Good morning, good afternoon. Thank you to Katarzyna and Kıvılcım for organizing these sessions on Materiality of Manuscripts for IMC 2022. I’m Dot Porter and I’m going to talk about modeling the historical manuscript theory and practice.

As a curator, I’m interested in making all of our manuscripts available at the same level. Oftentimes, descriptive information about manuscripts, particularly diagrams and charts, are in books that are focused on individual manuscripts. Manuscript catalogs don’t tend to include structural visualizations except perhaps when something highly unusual needs to be described. I’ve long found that detailed visualizations the structure of manuscripts are helpful to me, and as a curator, I’m interested in seeing if we can provide them not only for high status items, but for whole collections.
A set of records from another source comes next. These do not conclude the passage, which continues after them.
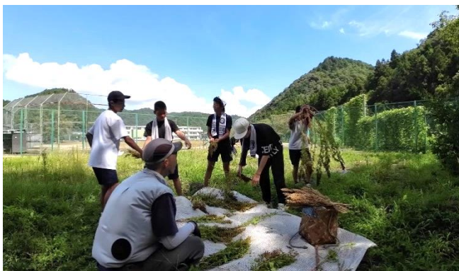
▲夏休み、津保川中学校での収穫
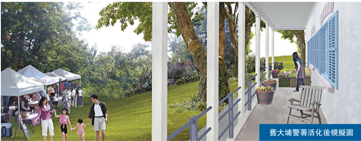
舊大埔警署活化後模擬圖
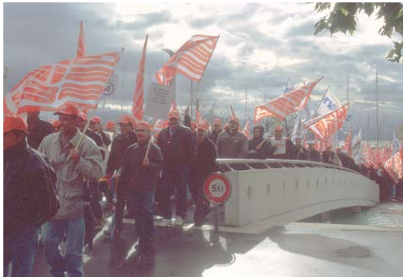
Kundgebung in Lausanne, 4. November 2002.

D'Incau: Ja, sie sind durch den Tunnel gegangen. Wir, das heisst, fünf bis sechs Personen waren gerade dabei, auf der anderen Seite grosse Transparente aufzuhängen. Da kamen auch von der Berner Seite her Cars mit Leuten. Sie fuhren langsam und hielten an. Die Leute stiegen aus und liefen in den Tunnel hinein. Ich muss sagen, das werde ich in hundert Jahren nicht vergessen. Im Zelt war man ahnungslos. Oder hast du gewusst, dass man die Autobahn sperren wollte?
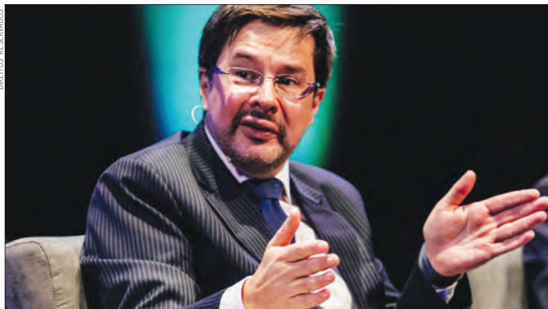
Thierry Ligonnière, presidente executivo da ANA - Aeroportos de Portugal

Para o responsável, “o projeto desta primeira fase da expansão do aeroporto de Lisboa coloca em cima de mesa a viabilidade do aumento de capacidade no aeroporto de Lisboa”, explicando que se trata de um projeto que conta com a criação de uma nova placa de estacionamento com possibilidade de colocar os aviões em contacto com a infraestrutura bem como
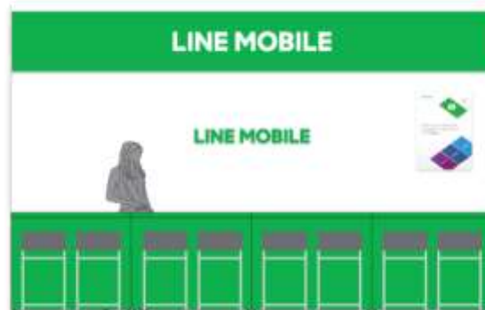
「LINE モバイル」即時発行カウンターイメージ

当社は、平成 25 年にオリジナル SIM カード「BIC SIM」の販売を開始した以降、格安 SIM の品揃えを拡大すると共に、格安 SIM のご相談・各種サービスを承る即時発行カウンターの設置を進めております。当社が今回行う店頭販売および即時発行サービスは、「LINE モバイル」では、初めての取り組みとなります。

Catalogs – documents that describe many manuscripts at about the same level – have not always treated structural description in a serious way. This is a description of a manuscript from the 1802 catalog of the manuscripts in the Cottonian library in the British Museum. The manuscript is Cotton Claudius b. iv, which is a very beautiful and complex 11th century illustrated manuscript.
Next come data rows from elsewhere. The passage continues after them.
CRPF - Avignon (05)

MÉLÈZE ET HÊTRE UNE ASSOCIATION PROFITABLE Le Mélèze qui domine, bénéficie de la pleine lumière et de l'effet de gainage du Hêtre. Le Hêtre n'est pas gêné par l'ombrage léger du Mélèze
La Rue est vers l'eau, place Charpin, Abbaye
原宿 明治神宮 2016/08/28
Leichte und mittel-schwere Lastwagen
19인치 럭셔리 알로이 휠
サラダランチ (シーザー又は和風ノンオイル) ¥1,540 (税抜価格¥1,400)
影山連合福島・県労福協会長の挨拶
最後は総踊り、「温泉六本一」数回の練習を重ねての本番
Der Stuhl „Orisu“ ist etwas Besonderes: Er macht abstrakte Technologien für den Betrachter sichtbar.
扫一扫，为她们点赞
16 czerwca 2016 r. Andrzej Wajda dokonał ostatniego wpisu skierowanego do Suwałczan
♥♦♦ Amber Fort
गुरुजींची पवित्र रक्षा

The description in the 1802 catalog is only three paragraphs, quite short, and the physical description is the first couple of lines. What this says is, it’s a codex –  multiple quires – it’s made of parchment, it has 156 folios, and there’s a leaf that has been mutilated. This is the extent of the physical description of the manuscript in 1802.

Jumping ahead, to 1957 we have this same manuscript described in Ker’s catalog of manuscripts containing Anglo Saxon. The entire description is much longer. The physical description, likewise, and we see that a major part of the physical description is a collation formula. You all know what a collation formula is, it’s the standard way of describing then physical structure of books in a sort of systematic way. I say sort of systematic because there’s not actually a standard for manuscript collation formulas, unlike printed books where there is a well-accepted standard. Although there’s not a standard way of writing formulas they all work in basically the same way – a formula will describe how many quires there are, how many leaves each quire has, perhaps a little bit about how they relate to each other. Frequently, there will also be additional information about structure in a narrative, describing leaves that are missing or weird things that are happening.

Jumping now from 1957 to 2022. Here is Ms. Cotton Claudius b. iv again on the BL website, and you can see that even though we have moved from print catalogs to online catalogs, to digitized manuscripts we’re still relying on the collation formula for structural description. Even though we’re here in the website, and the digitized images are right here, the structural information is still is divorced from the rest of the description.

Just one more example to further illustrate the point. E-codices, which is a really fantastic website featuring manuscripts in Switzerland also has collation formulas.

The digital images are presented as flat openings, as well as the usual views you would expect to see in a digitized manuscript library – gallery view, or filmstrip or microfilm style. There is no connection between the information provided in the formula and the way the images are organized on the screen.

There are some efforts that have been made to present structural information in digitized manuscript libraries. Most will include photos of the spine and edges, and some have started to provide even more. For example in e-codices, which has recently started including photos taken of the whole book in a kind of natural open setting.

But what about including structural information in the interface itself? This is the digital manuscript library at the University of Heidelberg. They have an option to view the quire structure up here. Here I’ve selected 27 recto, and up here you can see where leaf 27 is within the quire structure. It’s in quire five, and it’s the latter half of the bifolia that is one in from the middle bifolio. I think this is a really good visualization that provides some visual guide to the structure. It doesn’t seem to be used for very many manuscripts on their site, but this is a way to sort of bring that structure in and make it part of the interface.

Now I want to talk about the work we’ve been doing at Penn. Bibliotheca Philadelphiensis or BiblioPhilly was a region-wide collaborative project, funded by the Council on Library and Information Resources (CLIR) and organized by the Philadelphia Area Consortium of Special Collections Libraries (PACSCL), that we undertook in Philadelphia, from 2016 to 2019. Through BiblioPhilly the collaborative team representing 15 institutions digitized and made available online 475 manuscripts from collections across Philadelphia.

As part of our part of our cataloging work we leveraged a project that I have been directing at Penn pretty much since I arrived in 2013 – VisColl, which stands for visualizing collation.

At the time that we were starting the work on BiblioPhilly, we had just launched our alpha version of software that we could use to build collation models, and visualize them. So as part of our catalog, we – we being me, our manuscripts cataloger Amey Hutchins, Schoenberg Curator of Manuscripts Nick Herman, and some other people created a collation model for each manuscript not really knowing what we’re going to be doing with them, but hoping we would be able to do something.

As we reached the end of the project, Penn made funding available to the project to hire a software developer, and we worked with them to make an interface to present the project in its own purpose-built environment, including a visualization of the collation models. Now if you go to, on some of the records you’ll see this icon on the left and if you click on that, you’ll get a drop down, that shows you all of our quires and how many, how many leaves and how the leaves are arranged.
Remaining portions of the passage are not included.